The gunship video was viewed millions of time on YouTube, and WikiLeaks followed it up by releasing huge caches of classified U.S. documents: embarrassing diplomatic cables and disturbing revelations about the wars in Iraq and Afghanistan. By the end of 2010, Senate Republican leader Mitch McConnell had called Assange a "a high-tech terrorist," Secretary of State Hillary Clinton had accused him of launching an "attack" on the world, and future president Donald Trump had suggested those involved in the leaks be executed.
What so many politicians condemned, so much of the public celebrated.

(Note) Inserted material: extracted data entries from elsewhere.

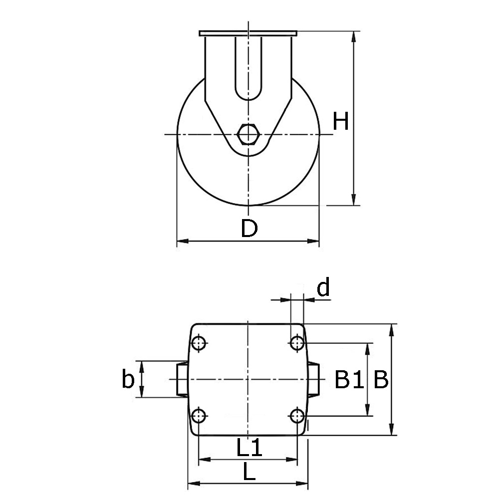 B=mounting plate width, b=tread width, B1=dimension between hole centres, D=wheel Ø, d=hole Ø, H=total height, K=maximum static load capacity in kg, L=mounting plate length, L1=dimension between hole centres, Type=type of wheel bearing
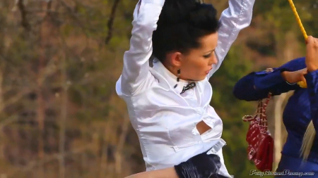 Подружки подговорили свою знакомую встретиться в указанном месте в лесу, она должна была ждать их возле определенного дерева. Увидев, что она точно пришла одна, знакомые схватили руки брюнетки и привязали к дереву повыше, чтобы она не могла сопротивляться их принудительному лесбийскому сексу с писсингом и мастурбацией самотыком. Телочка поначалу не хотела, чтобы извращенки ее насильно трахали и заставляли лизать, но потом гетеросексуалка смирилась со своей участью испробовать трах с другими девушками и даже в ответ их обоссала, сев возле деревца поплакать.
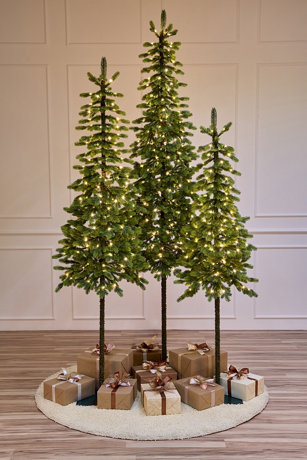 Ель искусственная литая с лампочками ˮКоролева Тянь Шаняˮ: готовая к празднику композиция высотой 1,8 метра. Отличается литым дизайном, создающим эффект настоящей хвои, и уже встроенными лампочками. Не требует дополнительного украшения гирляндами.
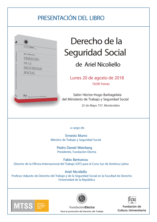 El lunes 20 de agosto, se llevará a cabo la presentación del Libro " Derecho de la Seguridad Social ", de Ariel Nicoliello .
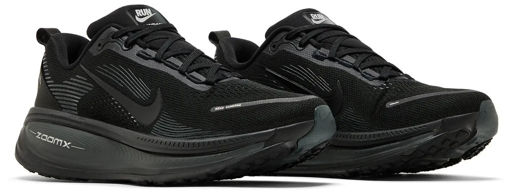 Nike Vomero 18 Triple Black выполнены в однотонном чёрном цвете с верхом из дышащей сетки и поддерживающими синтетическими панелями. Амортизация Zoom Air в сочетании с пеной Cushlon обеспечивает мягкий отклик и стабильность, делая модель комфортной для ежедневного бега и длительной ходьбы
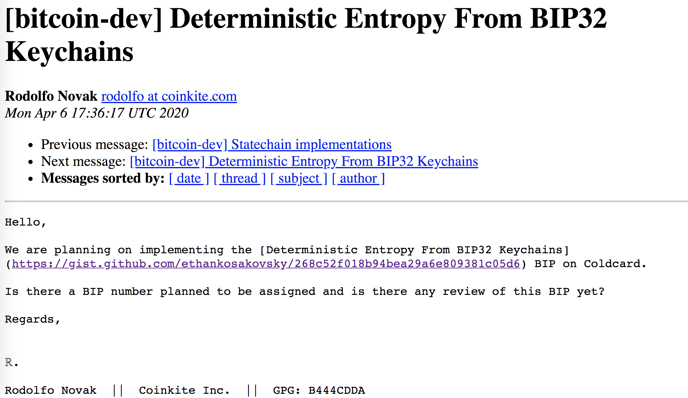 Here's something from the bitcoin-dev mailing list that caught my eye the other day, the implementation of a private key keychain on a Coldcard hardware wallet. This would allow individuals to create and store multiple private keys on a single device that could then be restored on other wallets. A quality offline seed generator with a single backup. This would make things easier for users and business who use multiple wallets and don't want the hassle of having to store their private keys in different places. Essentially helping to streamline things.
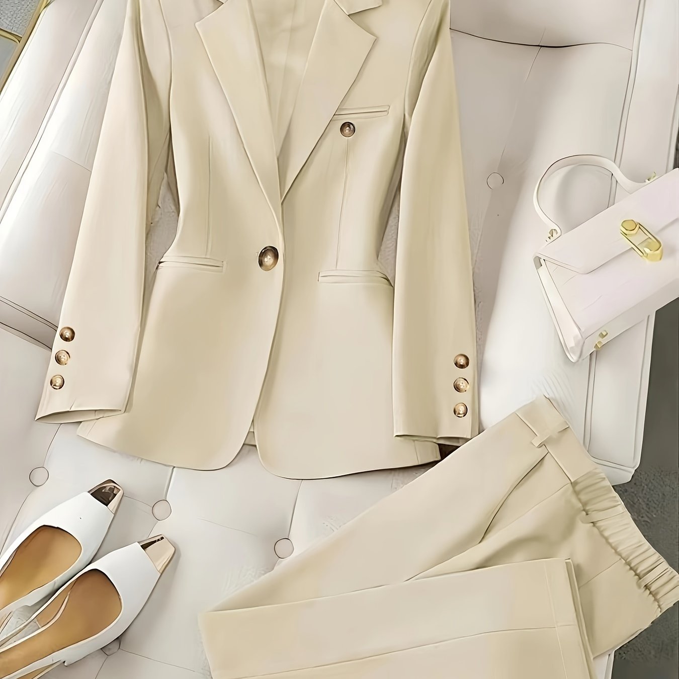 Կանացի ամենօրյա բեժ բլազերի և տաբատի հավաքածու - պոլիեսթեր, երկարաթև, կրկնակի կրծքով, օձիքով, գրպաններով, լվացվում է մեքենայում
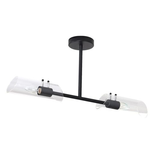 Fekete színű fém vázas fürdőszobai mennyezeti lámpa hengeres, ferdén vágott, átlátszó üveg búrával, E14-es foglalattal, IP44-es védelemmel.
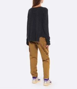 Pull en laine et cachemire gris anthracite chiné. Col bateau. Manches longues. Coupe droite. Base droite. Fentes latérales.
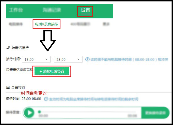 上面已经演示了电脑接待,这里只演示电话接待和录音接待哦!

Assange was instantly praised by First Amendment and press freedom groups. The readers of Time magazine and Le Monde overwhelmingly voted for him in celebrity-of-the-year contests. He gave a TED talk. International newspapers worked behind the scenes with Assange to publish tens of thousands of leaked documents. And even after Assange went into hiding from the growing number of governments investigating him for alleged crimes ranging from sexual assault to espionage, reporters and TV hosts managed to track him down for sometimes fawning interviews.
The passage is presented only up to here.